#### THE TASK
Each line of the listing must be transcribed exactly, except for the images, which should be excluded.

*** Opening of DATA BLOCK ***

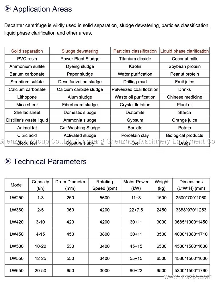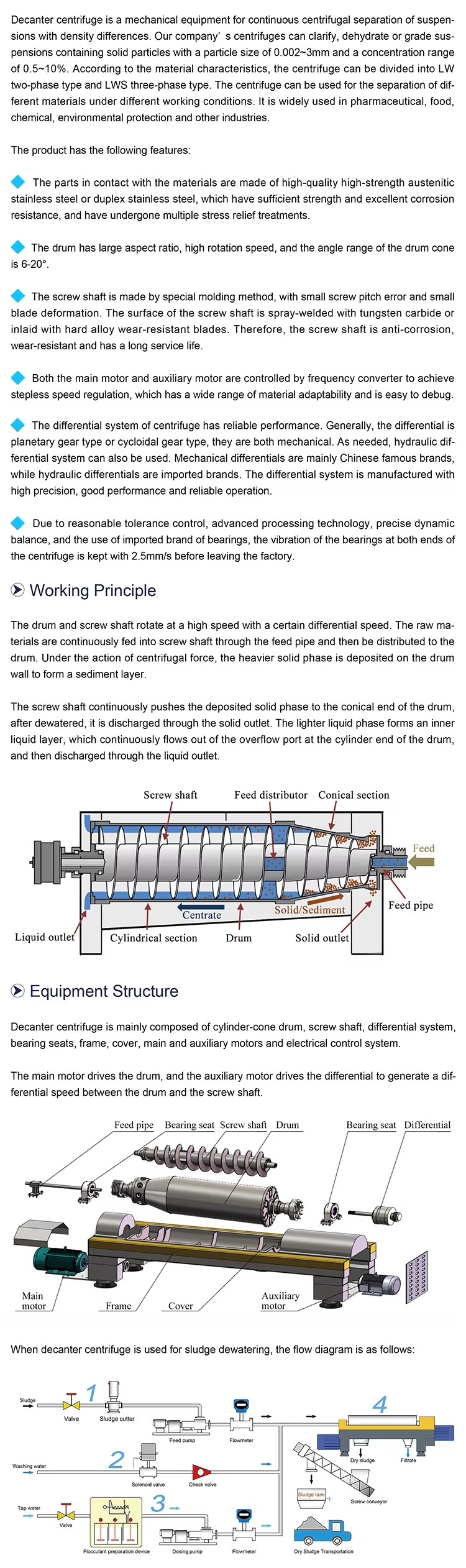 A centrífuga decantadora de parafuso horizontal é um tipo de centrífuga de decantação com descarga espiral, na qual a escória é empurrada para a porta de descarga na extremidade menor do tambor através das lâminas do empurrador espiral, e a fase líquida transborda pelo orifício de transbordamento na extremidade maior do tambor, com o objetivo de realizar a separação contínua.
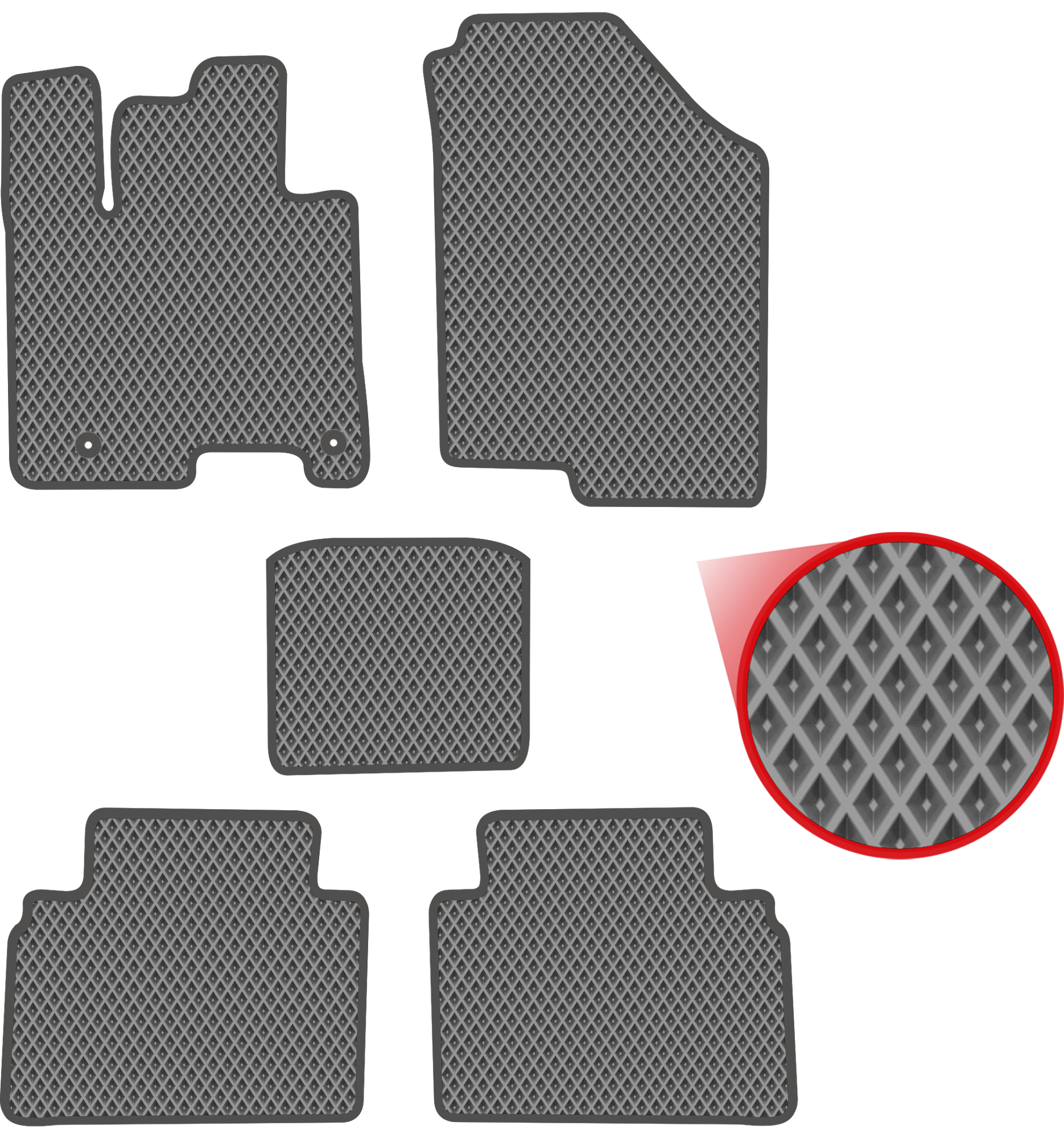 Автомобильные коврики EVA для Hyundai Tucson IV (2020-н/в), серые с серым кантом, ячейка - ромб интересное:
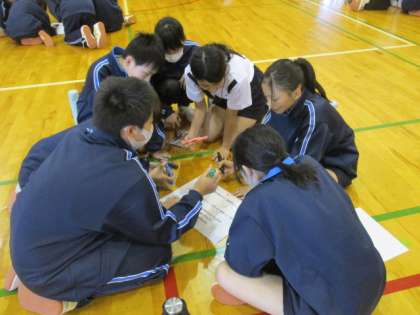 明日から教科の授業も始まるので、「学び愛の活動」として、班でクイズを考える活動を行いました。チームで協力して、知恵を出し合っていました。
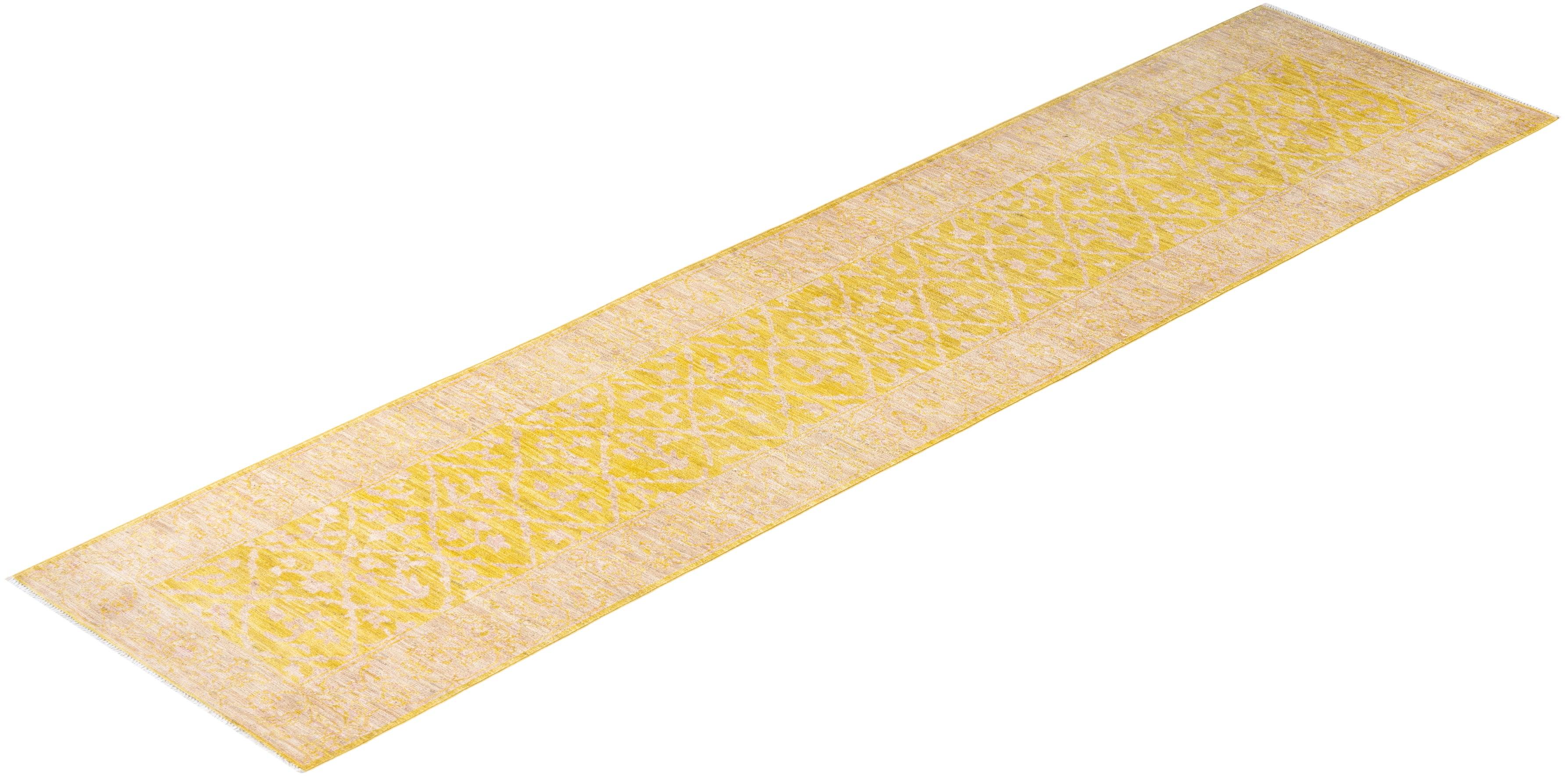 Contemporary Hand Knotted Eclectic Tribal Yellow Runner 2' 9" x 11' 8"

*** Close of DATA BLOCK ***

#### REPLY
 A centrífuga decantadora de parafuso horizontal é um tipo de centrífuga de decantação com descarga espiral, na qual a escória é empurrada para a porta de descarga na extremidade menor do tambor através das lâminas do empurrador espiral, e a fase líquida transborda pelo orifício de transbordamento na extremidade maior do tambor, com o objetivo de realizar a separação contínua.
 Автомобильные коврики EVA для Hyundai Tucson IV (2020-н/в), серые с серым кантом, ячейка - ромб интересное:
 明日から教科の授業も始まるので、「学び愛の活動」として、班でクイズを考える活動を行いました。チームで協力して、知恵を出し合っていました。
 Contemporary Hand Knotted Eclectic Tribal Yellow Runner 2' 9" x 11' 8"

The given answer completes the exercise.